Optimization process
The optimization process is divided into two stages: Improve stability and speed up convergence:
#1. In the first stage, the Young's modulus of each Gaussian particle is randomly initialized and fixed, and then only the front part of the reference video is used. Three frames to optimize the initial velocity of each particle.
2. In the second stage, the initial velocity is fixed and the spatially varying Young's modulus is optimized. To prevent gradients from exploding or disappearing, the gradient signal only flows to the previous frame.
In this way, the simulator is able to simulate the physical behavior of the object and optimize the material properties and initial conditions based on the reference video to generate realistic dynamic effects.
3. Accelerate simulation with subsampling
Using three-dimensional Gaussian particles for high-fidelity rendering usually requires millions of particles. Representing a scenario imposes a huge computational burden on running the simulation.

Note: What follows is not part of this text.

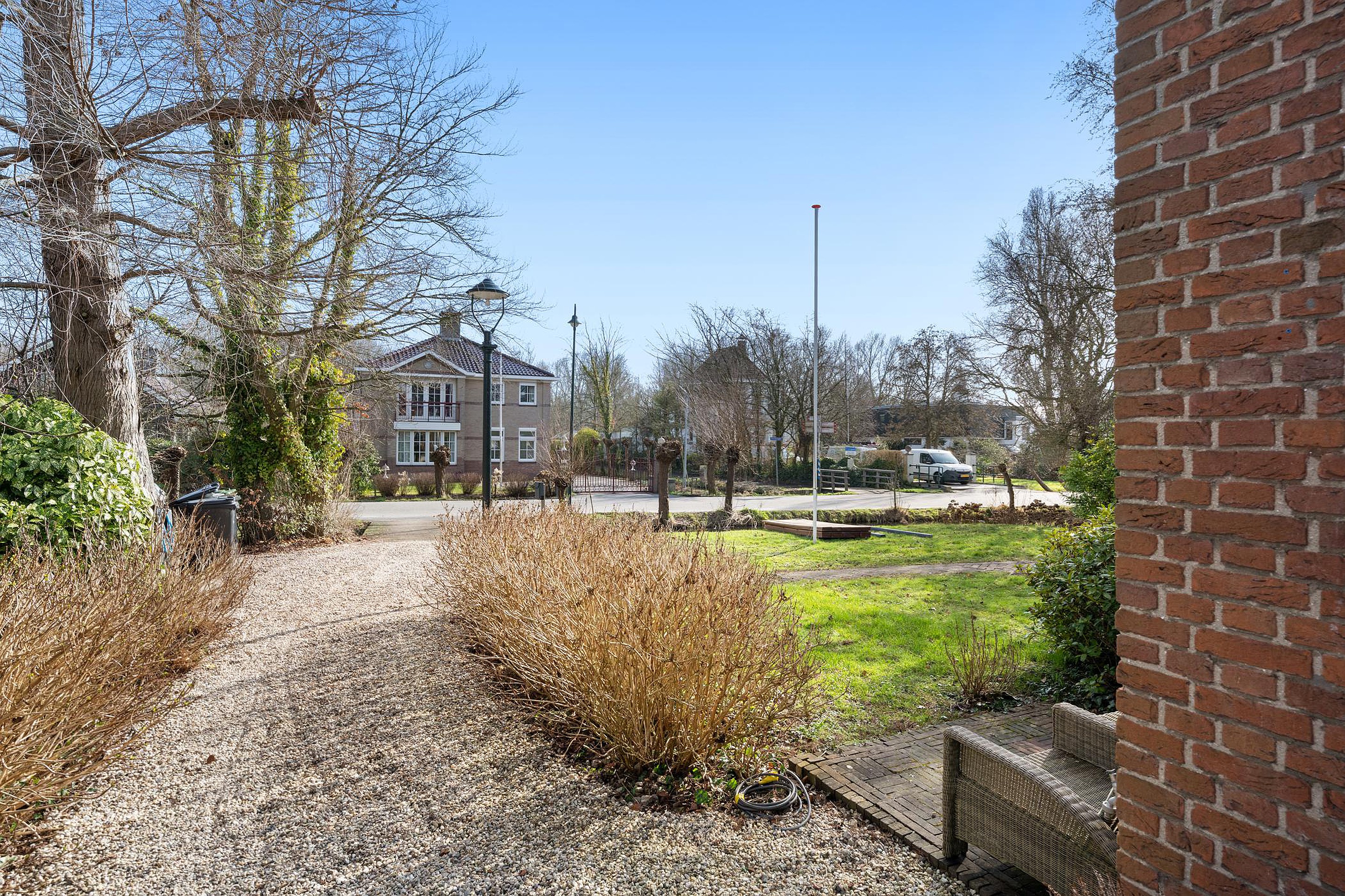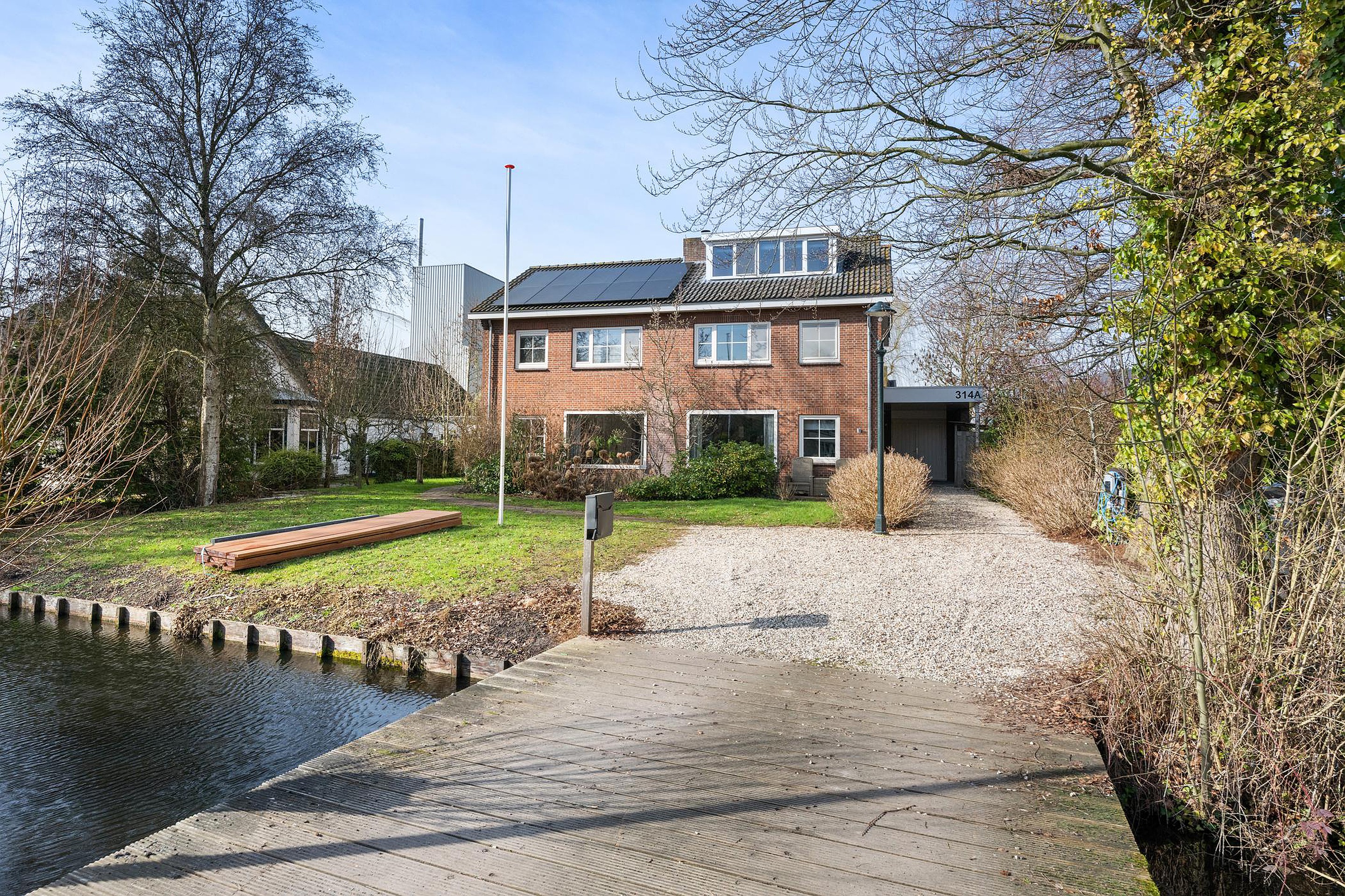Het huis ligt mooi midden op het perceel. Aan de voorzijde is er een eigen brug en voldoende ruimte voor het parkeren van 2 auto's. De voorzijde is ingericht met grind, gras en diverse struiken. Tegen de gevel is ruimte voor een gezellig zitje.

In order to improve efficiency, the model introduces a sub-sampling process, which greatly reduces the amount of calculation while maintaining the high fidelity of the rendering results: only a small number of driving particles (driving particles) are used particle), and then drive the particles through interpolation to obtain the position and rotation of Gaussian particles, effectively balancing computational efficiency and rendering quality.
Specifically, the model uses the K-Means clustering algorithm to create a set of driving particles at time t=0, where each driving particle is represented by a set of physical attributes, including position, Velocity, deformation gradient, local velocity field gradient, Young's modulus, mass, Poisson's ratio and volume.
The initial position of the driving particle is the average of the positions of all its cluster members, where the number of driving particles is much smaller than the number of three-dimensional Gaussian particles.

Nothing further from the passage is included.